Pass the building code law now

INEVITABLY, the earthquake disaster in neighbouring Haiti has focused attention on Jamaica’s building codes.

The magnitude-7.0 earthquake of January 12, said to have been particularly destructive because its source was close to the surface, left in excess of 200,000 people dead, and countless others injured, homeless, without food, water and other basic amenities.

The great majority of the fatalities and injuries came as a result of collapsed buildings. Indeed, much of the infrastructure in Haiti’s capital Port-au-Prince and other towns and villages situated close to the epicentre of the earthquake, was destroyed.

Most experts seem to agree that should a tremor of similar magnitude hit Jamaica, it would not be on the same scale as experienced by our eastern neighbour. This, they suggest, is largely because of a superior culture in Jamaica in so far as construction is concerned.

We note the comment from Mr Michael Archer of the Incorporated Masterbuilders Association that an absence of adequate building standards at formal and informal levels in Haiti contributed to the scale of the disaster.

“When you look at the damage in Haiti, you see little or no steel,” Mr Archer is reported as saying in the Observer of January 27. And further: “Anyone who is building in Jamaica knows you have to find a mason and a steel man. Even though they are building an informal structure they know how to build in a formal sense…”

He is supported by Mr Ronald Jackson of the Office of Disaster and Emergency Management to the effect that “the difference is that when our squatters build a concrete structure, they build with steel, while in Haiti there wasn’t much steel”.
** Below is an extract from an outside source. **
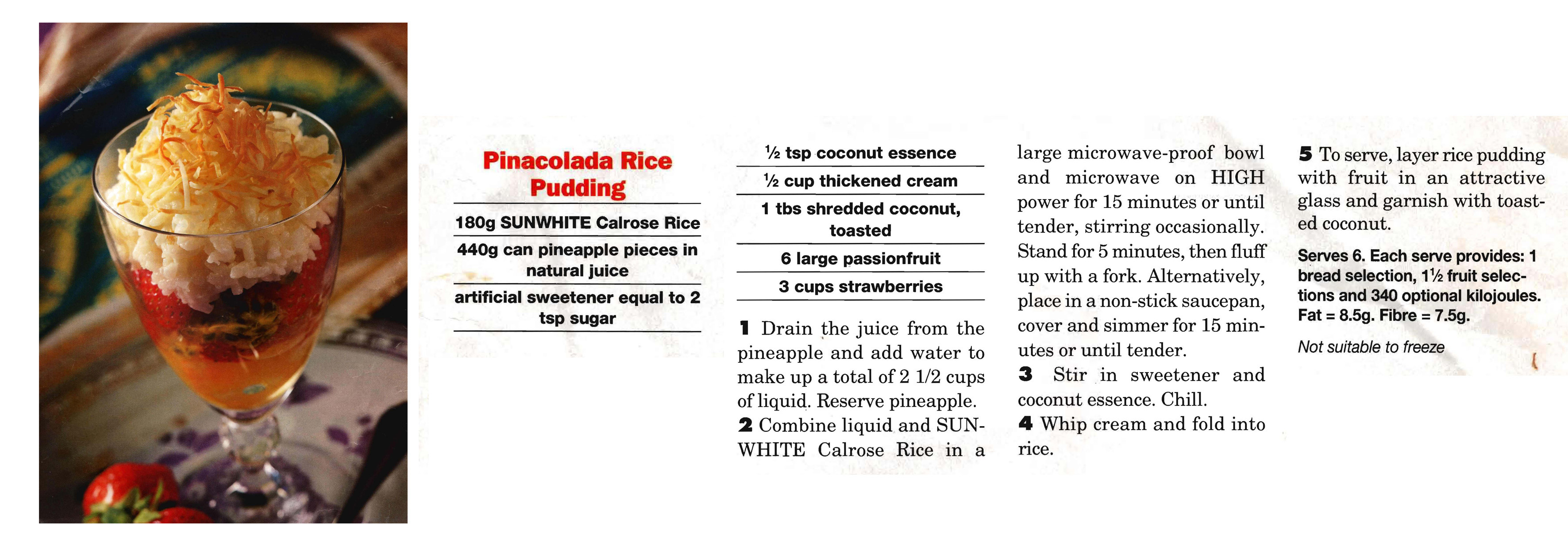 I always think of rice pudding as a winter dessert – a fairly bland one at that – but this is a much tastier summer version. Although I think I’d use fresh pineapple and fruit juice instead of canned pineapple, as that would give it a lovely fresh summer taste.

But just in case some Jamaicans may have been tempted into complacency, we are reminded by a Jamaica Information Service (JIS) article published in yesterday’s Sunday Observer that an updated building code is yet to be made law in Jamaica.

As this newspaper understands it, there is a national building code which dates back to the ’80s. It is usually adhered to by planners, architects, engineers, builders and is the standard used by building officers in local authorities whose job it is to assess and recommend final approval of structures across the country.
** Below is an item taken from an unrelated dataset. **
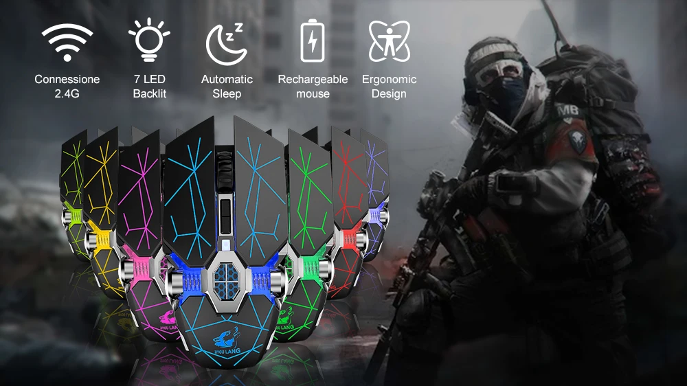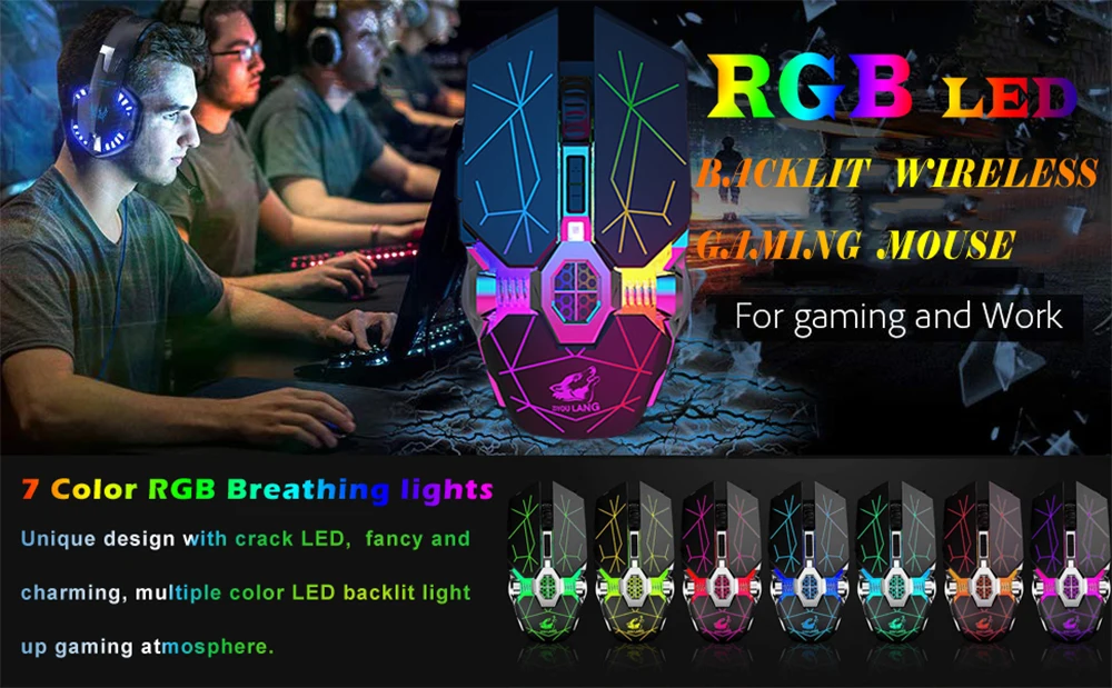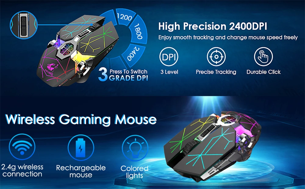 Wireless Gaming Mouse Rechargeable RGB Lights Adjustable DPI Quiet Click Auto Sleep Ergonomic for Gaming Or Working

Still we are perturbed that this standard was never made law. As we understand it, the Government is being pressed to pass into law an even more advanced and comprehensive code that would bring Jamaica in line with current international standards. Construction sector sources say local architects and engineers are already borrowing from international standards to reinforce the minimum required of them by the 1980s code.

We are encouraged by news that the proposed updated legislation is being fast-tracked by Government. Surely the Haiti disaster will provide the necessary impetus.
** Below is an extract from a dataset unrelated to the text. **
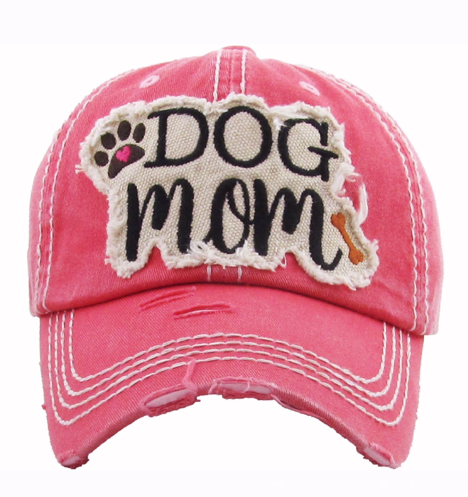 Dog mom distressed hot pink cap hat

For as we all should know by now Jamaica exists on the same earthquake fault line as Haiti. The destruction of Port Royal in 1692 and of Kingston in 1907 should be ample reminders.

It’s not a question of ‘if’ a major earthquake will strike Jamaica, only ‘when’. Further as we see first-hand every hurricane season, Jamaica, the wider Caribbean, the south-eastern United States and those areas bordering the Gulf of Mexico lie in the path of some of the most destructive storms on the planet.

As a nation we have a responsibility to protect ourselves from the effects of these disasters every way we can.